> [Assignment]:
Each line starting at the one that contains "Clown Dreams - Balloons" and ending at the one that contains "- Chart view" must be returned exactly, and the rest of the listing is left out.
(The data Opens)
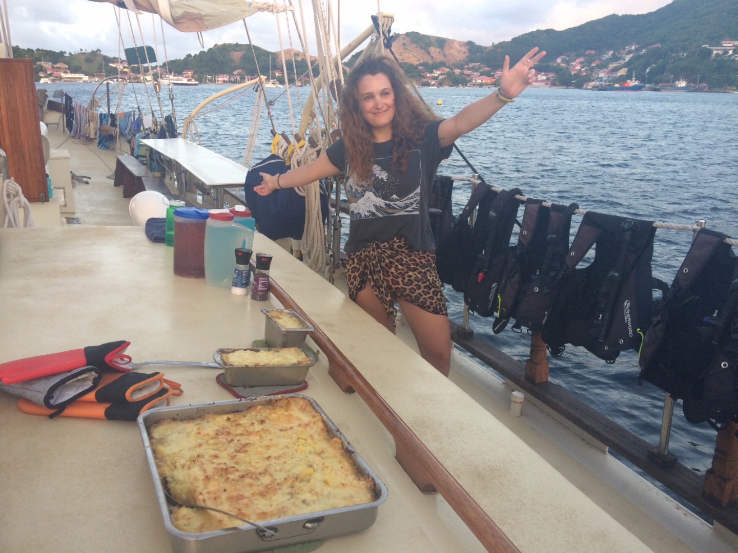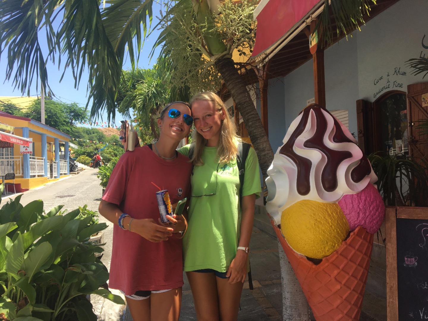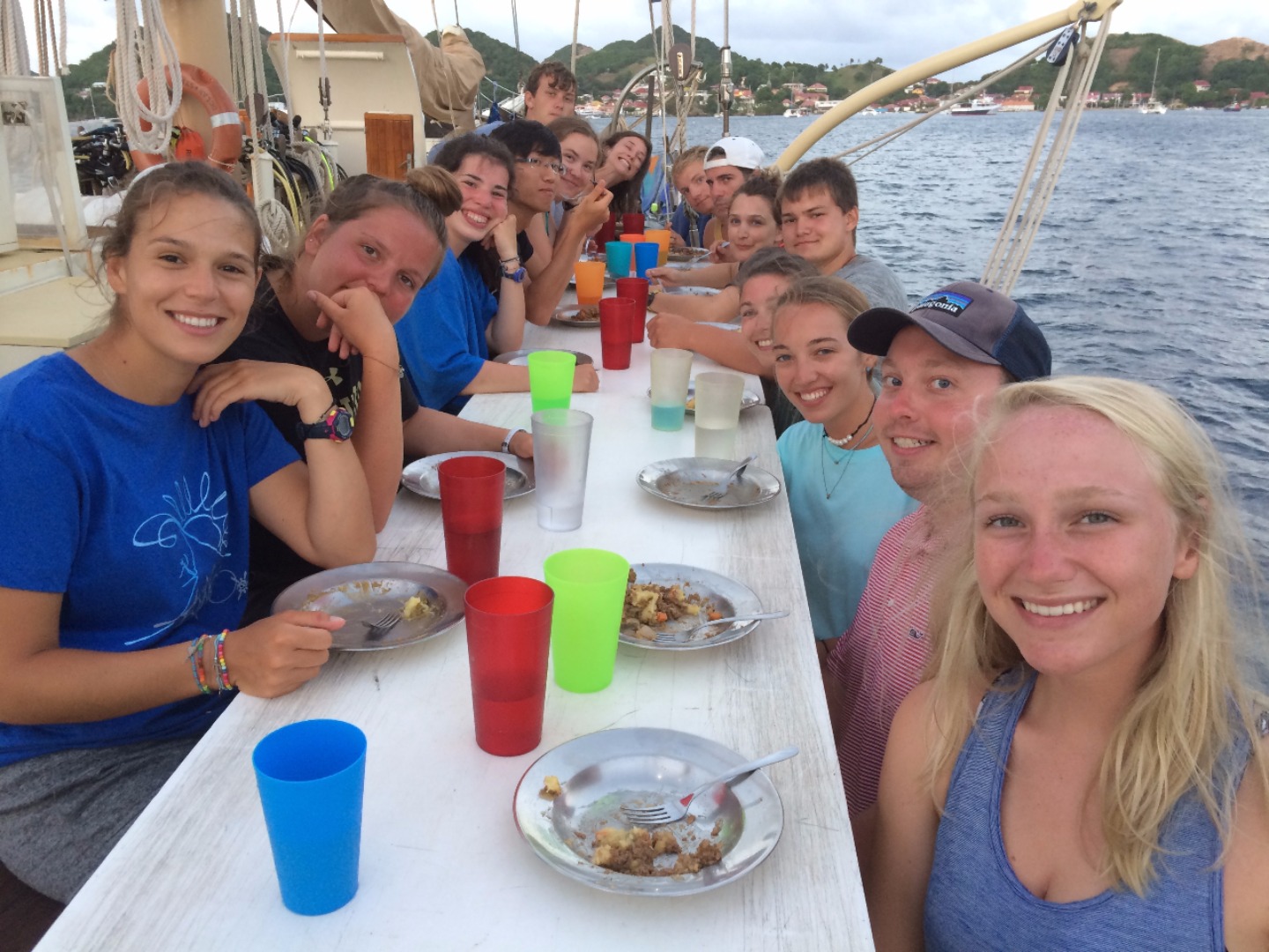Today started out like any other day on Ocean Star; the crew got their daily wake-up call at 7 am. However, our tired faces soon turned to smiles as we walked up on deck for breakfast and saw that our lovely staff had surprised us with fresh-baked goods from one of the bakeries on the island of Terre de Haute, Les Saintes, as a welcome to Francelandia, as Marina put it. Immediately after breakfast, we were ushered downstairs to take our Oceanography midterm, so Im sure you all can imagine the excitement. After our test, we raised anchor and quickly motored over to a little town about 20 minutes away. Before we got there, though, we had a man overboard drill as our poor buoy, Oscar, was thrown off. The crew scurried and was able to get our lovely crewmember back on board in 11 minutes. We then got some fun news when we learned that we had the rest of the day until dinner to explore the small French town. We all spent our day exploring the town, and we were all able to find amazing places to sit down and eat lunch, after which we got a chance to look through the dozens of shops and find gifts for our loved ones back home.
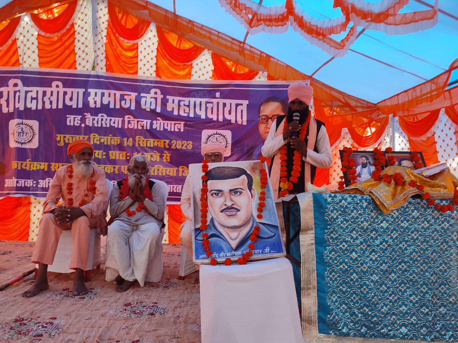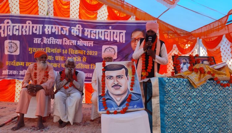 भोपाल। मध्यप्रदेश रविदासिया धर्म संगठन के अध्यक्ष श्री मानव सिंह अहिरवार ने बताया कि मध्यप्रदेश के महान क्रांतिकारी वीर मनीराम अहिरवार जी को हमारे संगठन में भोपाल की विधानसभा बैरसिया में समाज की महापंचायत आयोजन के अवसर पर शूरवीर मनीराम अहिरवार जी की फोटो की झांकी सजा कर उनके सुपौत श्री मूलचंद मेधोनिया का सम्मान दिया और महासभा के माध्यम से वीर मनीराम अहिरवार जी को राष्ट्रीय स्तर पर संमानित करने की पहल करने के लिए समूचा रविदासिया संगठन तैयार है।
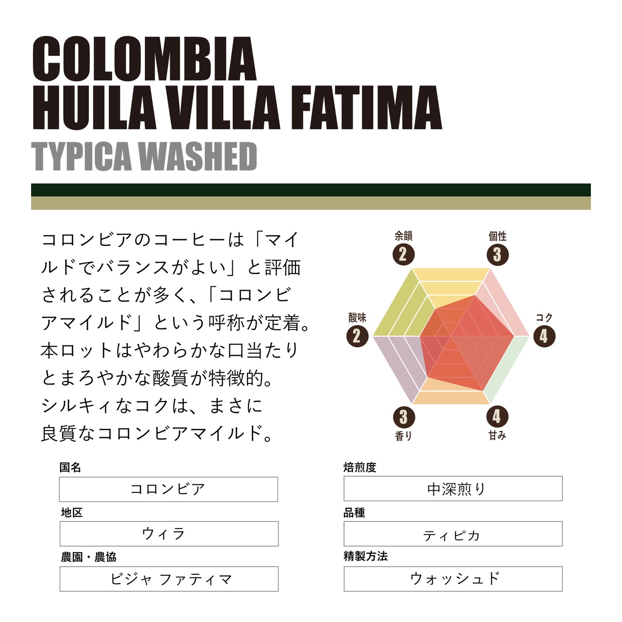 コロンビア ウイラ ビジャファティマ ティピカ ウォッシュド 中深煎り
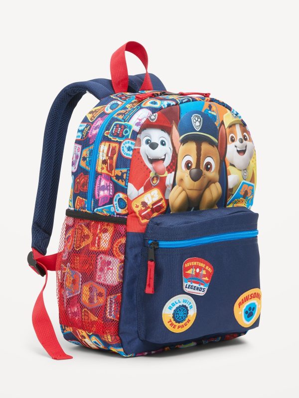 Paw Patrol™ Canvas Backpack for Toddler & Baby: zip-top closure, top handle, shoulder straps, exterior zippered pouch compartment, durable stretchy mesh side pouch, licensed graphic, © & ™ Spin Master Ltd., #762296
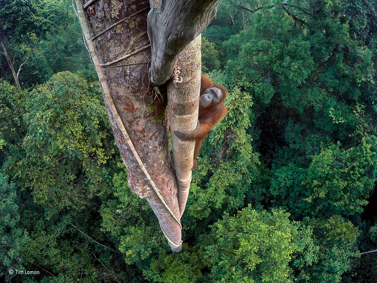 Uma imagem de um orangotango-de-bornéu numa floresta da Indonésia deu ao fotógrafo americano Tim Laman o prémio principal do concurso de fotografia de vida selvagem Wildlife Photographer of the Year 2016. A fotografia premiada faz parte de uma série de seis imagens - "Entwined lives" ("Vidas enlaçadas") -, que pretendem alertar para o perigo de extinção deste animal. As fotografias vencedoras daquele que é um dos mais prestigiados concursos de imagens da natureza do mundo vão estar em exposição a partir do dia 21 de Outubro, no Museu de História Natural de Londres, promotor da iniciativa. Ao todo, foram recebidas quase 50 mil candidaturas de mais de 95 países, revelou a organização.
(The data Closes)
(The data Opens)
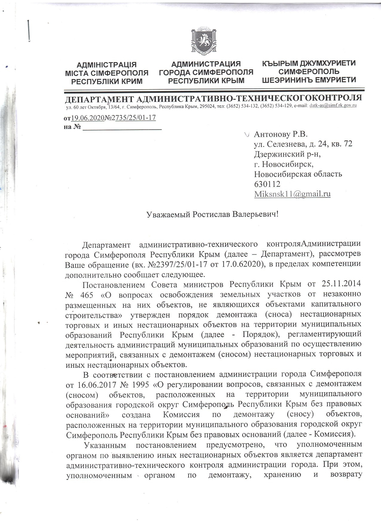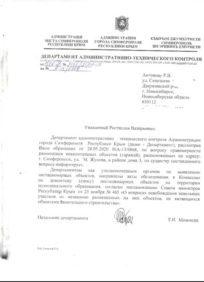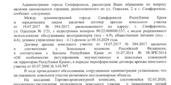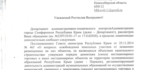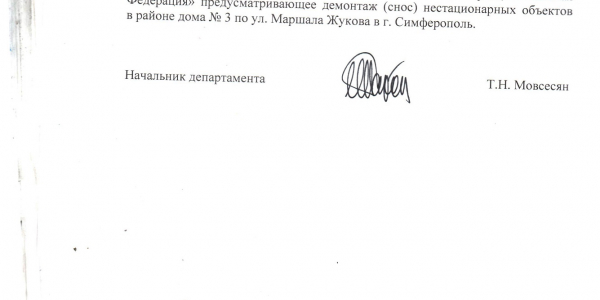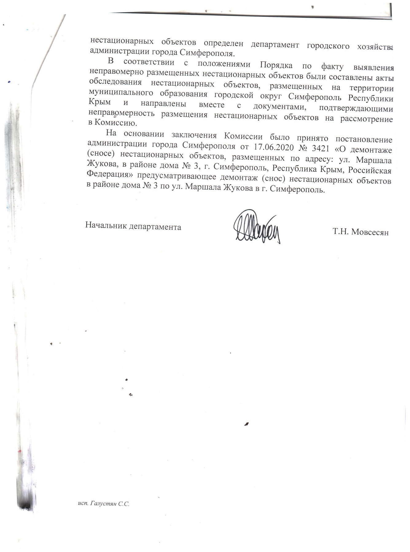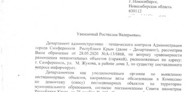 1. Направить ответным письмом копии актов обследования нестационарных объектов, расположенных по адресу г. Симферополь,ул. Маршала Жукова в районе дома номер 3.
(The data Closes)
(The data Opens)
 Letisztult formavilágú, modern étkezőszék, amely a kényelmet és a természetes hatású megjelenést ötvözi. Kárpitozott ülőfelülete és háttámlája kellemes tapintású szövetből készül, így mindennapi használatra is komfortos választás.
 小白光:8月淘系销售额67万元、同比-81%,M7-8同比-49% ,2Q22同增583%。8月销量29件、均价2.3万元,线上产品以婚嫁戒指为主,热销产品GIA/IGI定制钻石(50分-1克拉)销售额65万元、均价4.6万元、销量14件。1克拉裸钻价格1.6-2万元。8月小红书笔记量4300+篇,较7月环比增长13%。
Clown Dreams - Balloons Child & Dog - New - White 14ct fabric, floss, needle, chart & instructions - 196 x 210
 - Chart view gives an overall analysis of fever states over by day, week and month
(The data Closes)
> [Solution to this problem]:
Clown Dreams - Balloons Child & Dog - New - White 14ct fabric, floss, needle, chart & instructions - 196 x 210
 - Chart view gives an overall analysis of fever states over by day, week and month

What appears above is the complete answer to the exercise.